Perempuan-perempuan Korea memiliki dualisme. Mereka dituntut cantik (yang berarti terikat oleh pandangan misoginis). Di sisi lain, wanita ini ingin tampil cantik karena dengan cara itulah kesempatan kerja ke perusahaan yang bagus meningkat. Keinginan wanita untuk mandiri ini terkait dengan feminisme. Dualisme itu tak hanya sampai di situ. Pada jenjang pernikahan, hal itu terjadi pula. Dalam dunia selebritis misalnya, artis wanita Korea yang sudah menikah banyak yang diminta berhenti berkarir oleh suaminya
Disadari atau tidak, dualism dalam peran itu akan menimbulkan rasa asing. Rasa asing itulah yang disajikan Han Kang pada karakter-karakter di dalam The The Vegetarian. Kritik terhadap pernikahan yang makin kini hanya semacam lembaga/ institusi suami dan istri, hubungan profesional semata dalam memerankan fungsi masing-masing. Hal ini saya duga tidak terlepas dari tren pernikahan di Korea Selatan, yang menjadikan kesuksesan sebagai tolak ukur, sehingga usia pernikahan makin lama makin tua ( >35 tahun).

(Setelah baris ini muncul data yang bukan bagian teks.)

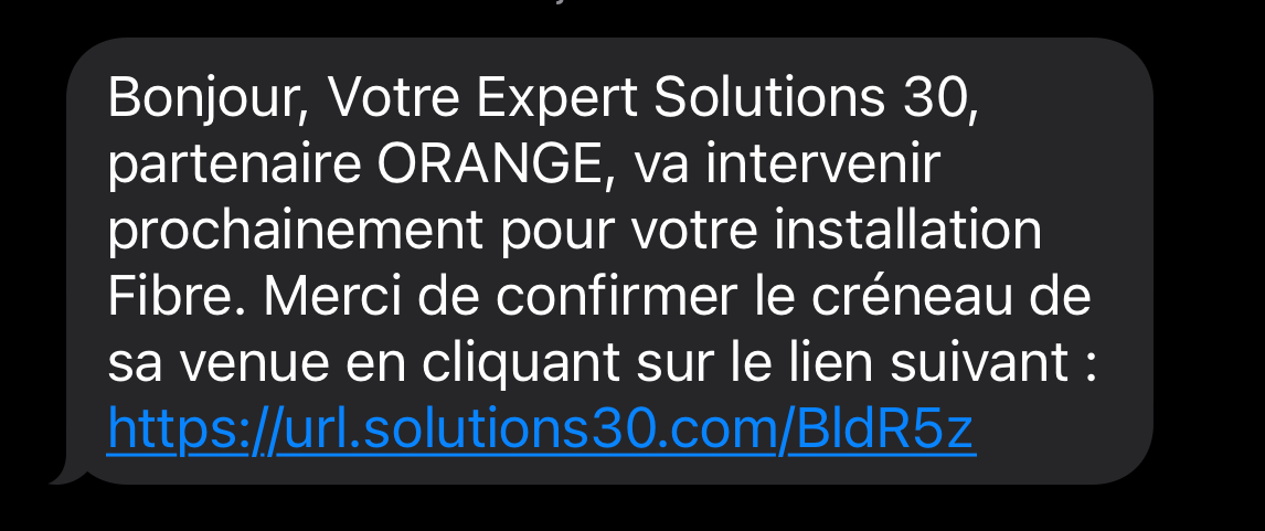 Première surprise : quelques jours avant le rendez vous, je reçois un SMS me permettant de connaître l'entreprise (sous traitant) pour lequel travaille le technicien en charge du raccordement. Ce SMS permet par ailleurs de confirmer ou de modifier le rendez vous en cas d'empêchement de dernière minute.

Han Kang juga mengkritik bahwa pernikahan tak bisa mengekang hasrat seseorang. Hal ini terlihat dari bagaimana suami Yeong Hye kerap membayangkan hal erotis bersama kakaknya Yeong Hye, juga kakak ipar Yeong Hye menginginkan dirinya dengan dalih ekspresi seni. Dalam kenyataan, open marriage juga kian menjamur. Tak masalah kau mau bercinta dengan siapa, asalkan selalu kembali ke rumah dan bertanggung jawab terhadap keluargamu.

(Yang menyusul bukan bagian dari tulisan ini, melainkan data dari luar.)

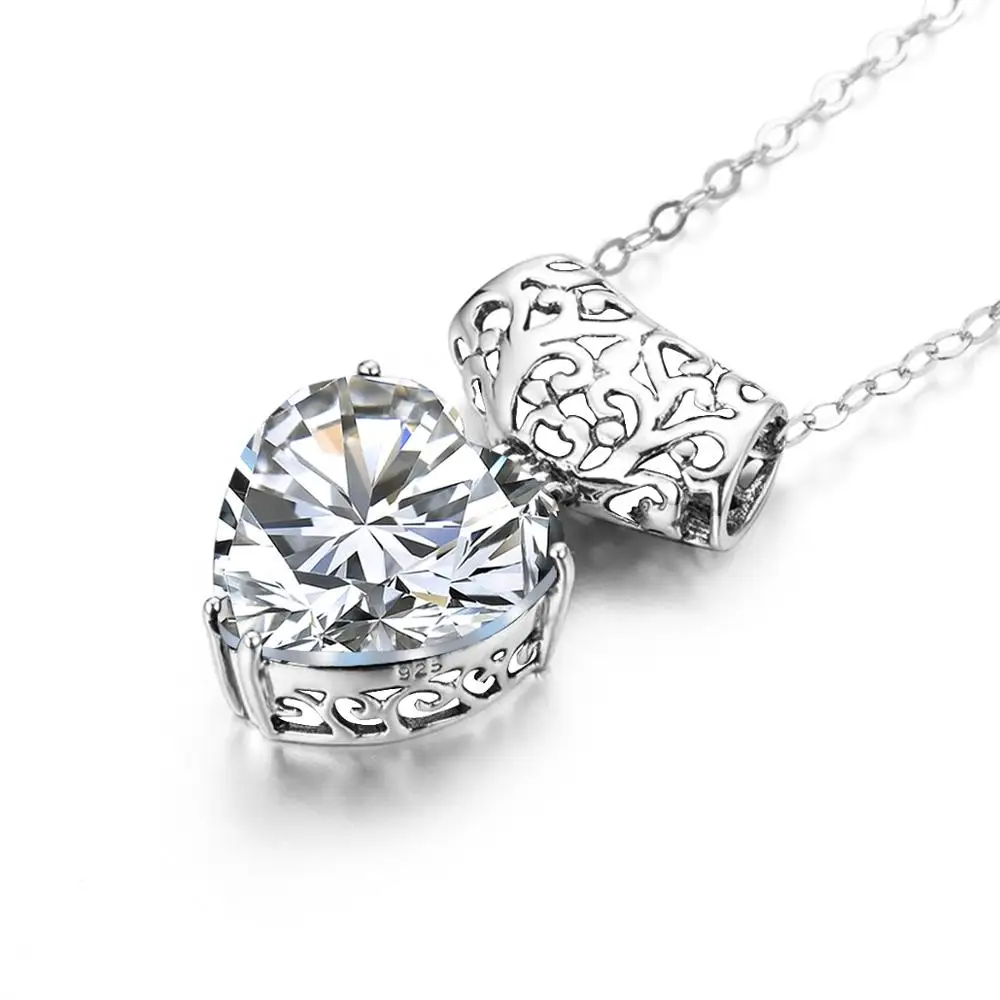Szjinao Серебряный кулон для женщин из натуральной кожи 925 пробы Серебряное ожерелье с бриллиантами подвески в виде сердца модные ювелирные изделия ручной работы, свадебные подарки

Pernikahan sebagai fenomena budaya (dan pergeserannya) ini diterjemahkan dengan begitu suram oleh Han Kang.
Tak seperti prosa Korea yang baru dua buah yang saya baca, film dan serial drama Korea sudah lama menjadi favorit saya. Baeksang Award beberapa hari lalu memunculkan kejutan hebat karena Goblin yang digadang-gadang akan menang mudah, kalah oleh serial drama yang ratingnya jauh lebih rendah: Dear My Friends. Drama ini ditulis oleh Noh Hee Kyung yang juga menulis drama It’s Okay It’s Love.

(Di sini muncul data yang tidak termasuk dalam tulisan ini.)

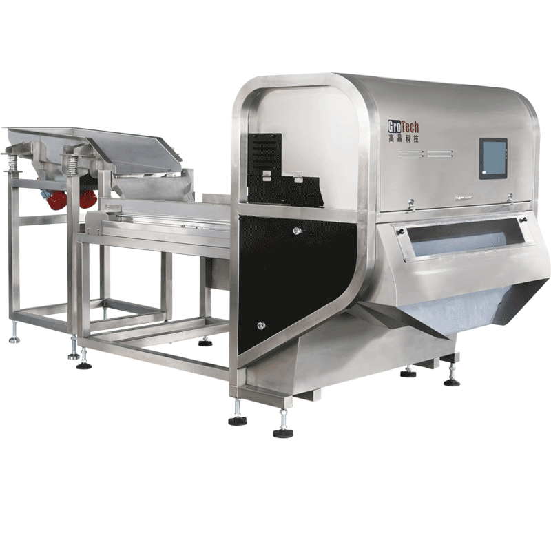 Grotech sorter can sort almonds, hazelnuts, pistachios, pecans, macadamias and more. Foreign objects such as stones can be detected and removed from the raw material. Grotech Nut Color sorters always provide customers with intelligent, professional a1

Noh Hee Kyung setia pada drama-drama realis. Ada satu kesamaan It’s Okay It’s Love dengan The The Vegetarian, yakni sakit mental yang diderita para tokohnya. Yeong Hye dan Jang Jae Yeol sama-sama menderita Skizofrenia. Baik Hee Kyung maupun Han Kang memaparkan masa lalu yang gelap yang dialami tokohnya: kekerasan yang dilakukan oleh ayah kandungnya sendiri. Ketidaksanggupan mental manusia menanggung rasa sakit itu melahirkan gangguan kejiwaaan. Penderita skizo akan mengalami episode demi episode halusinasi, dalam sebuah skenario yang sebenarnya ia ciptakan sendiri. Akhir dari skenario itu adalah keadaan yang membahayakan diri mereka. Perbedaannya, Hee Kyung memberikan penyelesaian konflik yang mudah dan bahagia (karena drama adalah kitsch, yang mempertimbangkan pasar), sementara Han Kang membiarkan konflik itu melahirkan potensi konflik batin yang dialami oleh tokoh-tokoh di sekitar Yeong Hye (terutama kakaknya). Han Kang seakan melegitimasi bahwa karya sastra adalah karya yang hidup dan bebas ingin hidup seperti apa di benak para pembacanya.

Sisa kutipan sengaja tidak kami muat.